Abecedario, de Ernesto Sierra

En Dioses comiendo moscas abundan los malabarismos estructurales, la ruptura de convenciones formales y las casas construidas por el tejado. El resultado en Abecedario es desigual, porque consigue un texto rico en complejidad argumental, pero difícil de comprender para el espectador: demasiados personajes, muchísimos datos, y excesivos cabos por atar. La historia, con todo, promete. Una segunda lectura ha de sacarme de un montón de dudas.
Desisto. Perdónenme, arrastren mi nombre por el fango, humillen mi memoria y mancillen a mis vástagos, pero no he concluido Abecedario la segunda vez. Las tramas confluían, los personajes se entrelazaban, las letras parecían formas palabras con sentido, pero algo faltaba: coger un papel y escribirlo todo; asociar hechos; unir cabos. No pienso hacerlo.

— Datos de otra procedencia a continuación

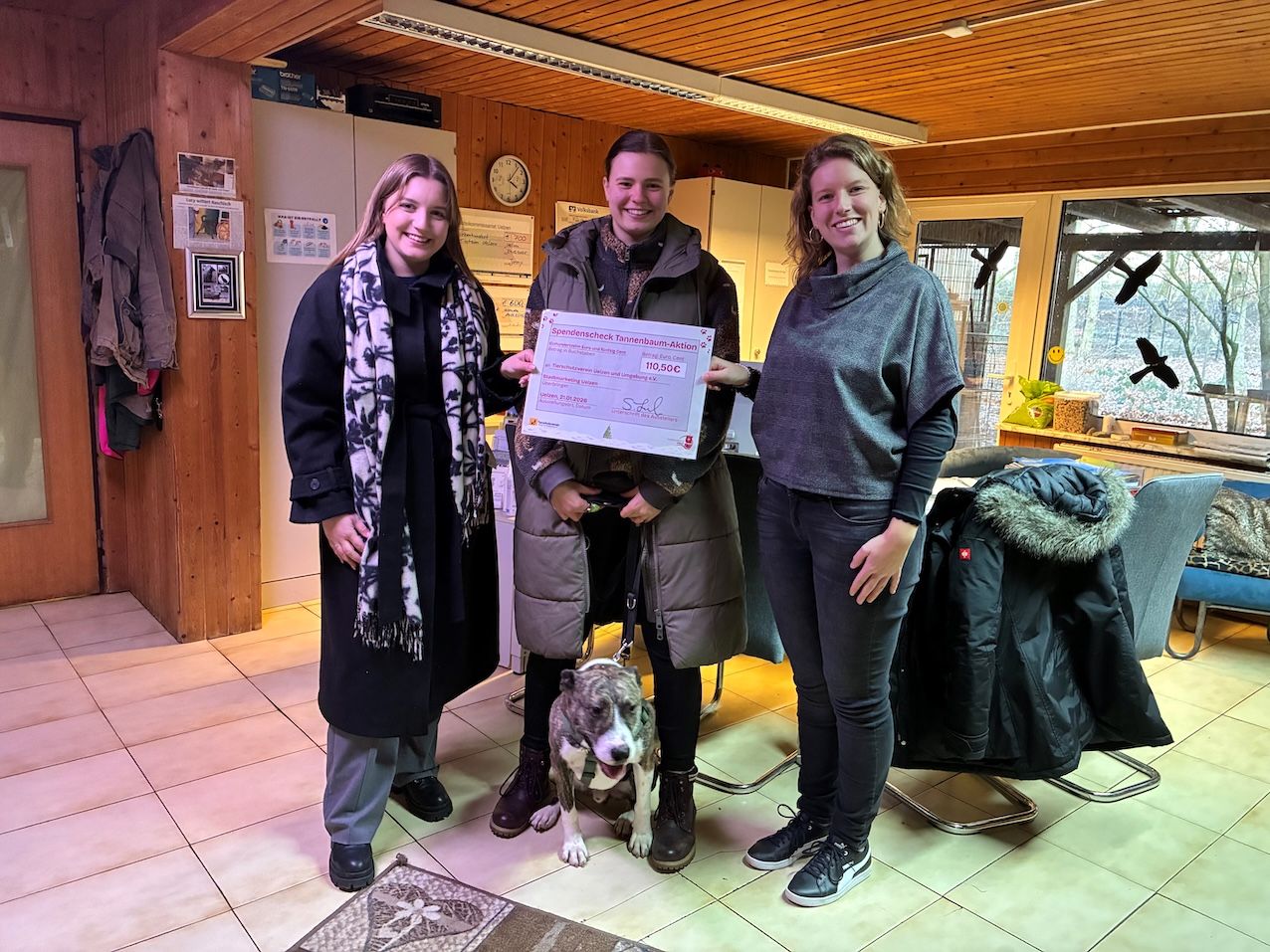 Uelzen. Nach dem großen Finale des Uelzener Adventskalenders am 23.12.2025 lud das Stadtmarketing Uelzen erneut zur Tannenbaum-Aktion ein. Dabei wurden die für den Adventskalender aufgestellten Tannenbäume gegen eine freiwillige Spende an Bürgerinnen und Bürger abgegeben. Der dabei gesammelte Betrag in Höhe von 110,50 Euro wurde dem Tierheim Uelzen übergeben und kommt dort direkt den Tieren zugute.

Me ha dejado buen sabor, pero no voy a estudiar el relato, no voy a realizarle una autopsia. No sería justo con mi crítica. Tan sólo quería mirarlo a los ojos y entender su esencia. Al final, solamente la he intuido.



Metamorfosis para todos los públicos, de Sergio Perales

Una de las cosas que separa a un escritor de un aficionado a algo es la manera de describir una misma realidad. Sergio Perales –a saber de dónde habrá salido éste– afronta la tauromaquia con la pasión de un escultor de palabras: contenido, estético, descriptivo hasta el detalle, firme, manejando el ritmo y preparando la faena hasta su inevitable desenlace, que por otra parte sí se puede evitar, o cambiar por otro. Admitiré que he seguido las instrucciones y me he negado a leer la opción A –yo aposté por la B– y quedé muy complacido.
Hay corridas que pueden marcar la historia. También las de toros. La de Mezquino pudo ser una de ellas. No tanto por su final al estilo de “Elige tu propia aventura” como por el olor de las farias en la plaza, el murmullo y caspa del respetable, el sabor a tradición de cada envite, y las voces enardecidas de los acólitos del dios-toro.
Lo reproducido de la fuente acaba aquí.